Je sors précipitamment sans regarder derrière moi, et la suis à 50 mètres sur l’avenue Providencia, puis à droite vers Antonio Varas… si elle rentre chez elle, nous serons donc voisins, avantages à court terme, ennuis à moyen, sur le long terme nous sommes… tous passés à autre chose.

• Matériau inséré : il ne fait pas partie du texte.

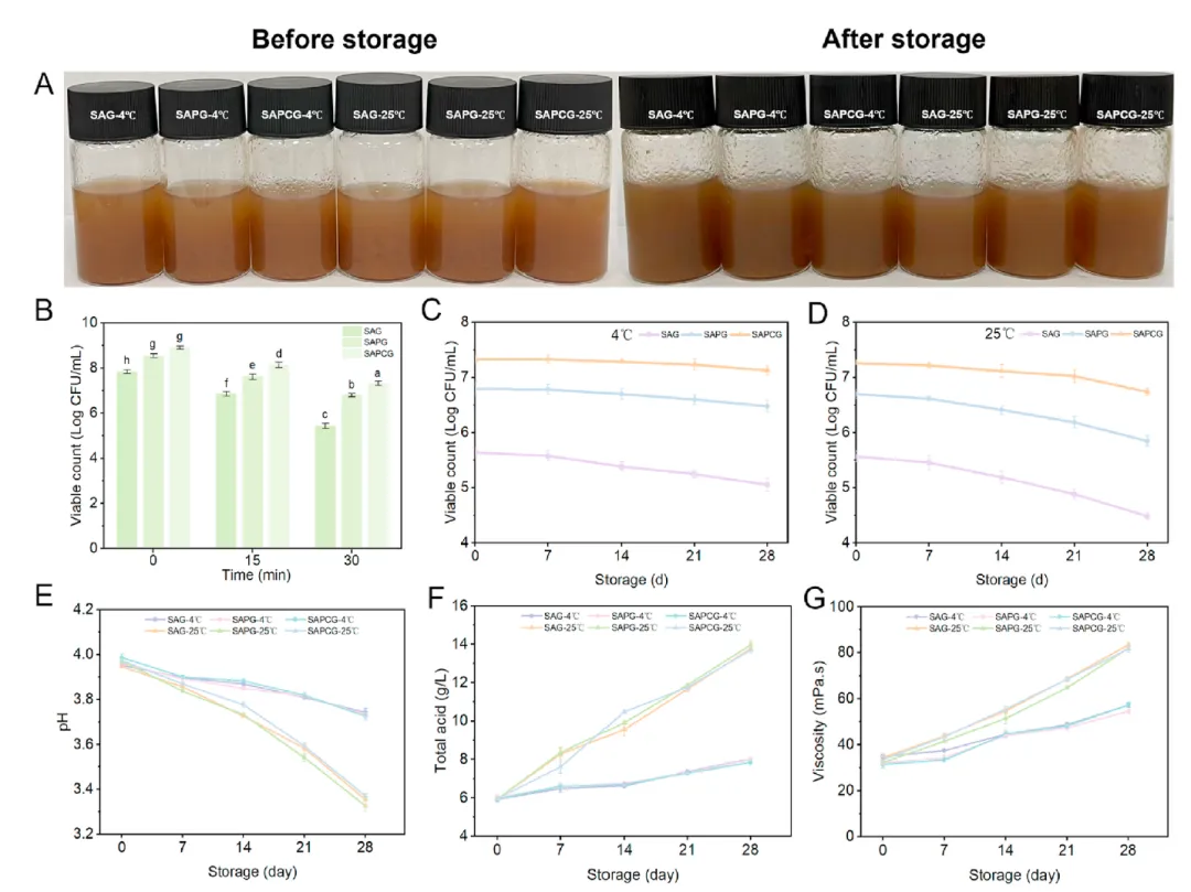 图8. 益生菌微胶囊在冻梨汁中的应用。(A)添加微胶囊的冻梨汁贮藏前后照片;(B)巴氏杀菌对冻梨汁中细菌活性的影响;(C)4℃贮藏、(D)25℃贮藏对冻梨汁中细菌活性的影响;以及贮藏期间冻梨汁的pH值(E)、总酸含量(F)和黏度(G)变化。

En avant !

Je la suis à 30 mètres maintenant, et quand je dis « suis » c’est bien être et non suivre, tant je suis en osmose avec ma proie, plongé en elle, rivé à ses pas, mais deux fois son rythme pour la rejoindre dans environ 15,46 mètres.

Je ne terminerai pas seul cette nuit.

Vous ne savez pas comment je vais faire, mais je vais le faire ; voilà ce qui, moi, Juan, me différencie de vous, les autres.

Note

  1. En 1970, « l’Aire de Propriété Sociale devint l’axe dominant [de l’économie chilienne]. […] Selon le plan basique de l’UP, la politique de stimulation de la consommation et de transformations économiques pendant la première année de gouvernement, devait être prolongée les années suivantes par une politique d’investissements et d’augmentation de la production. […] L’augmentation de la consommation privée et sociale du secteur populaire était un des objectifs principaux du nouveau gouvernement. Les buts étaient d’augmenter la production et la demande de manière simultanée, et pour réussir ceci (…) diminuer de façon drastique le chômage, effectuer une redistribution à grande échelle des ressources en faveur des salariés et réduire l’inflation par le moyen de l’augmentation de l’offre (abastecimiento), tout en adoptant des mesures administratives pour contrôler les prix de la plupart des produits. » [Israel Zipper 2006, 35-37].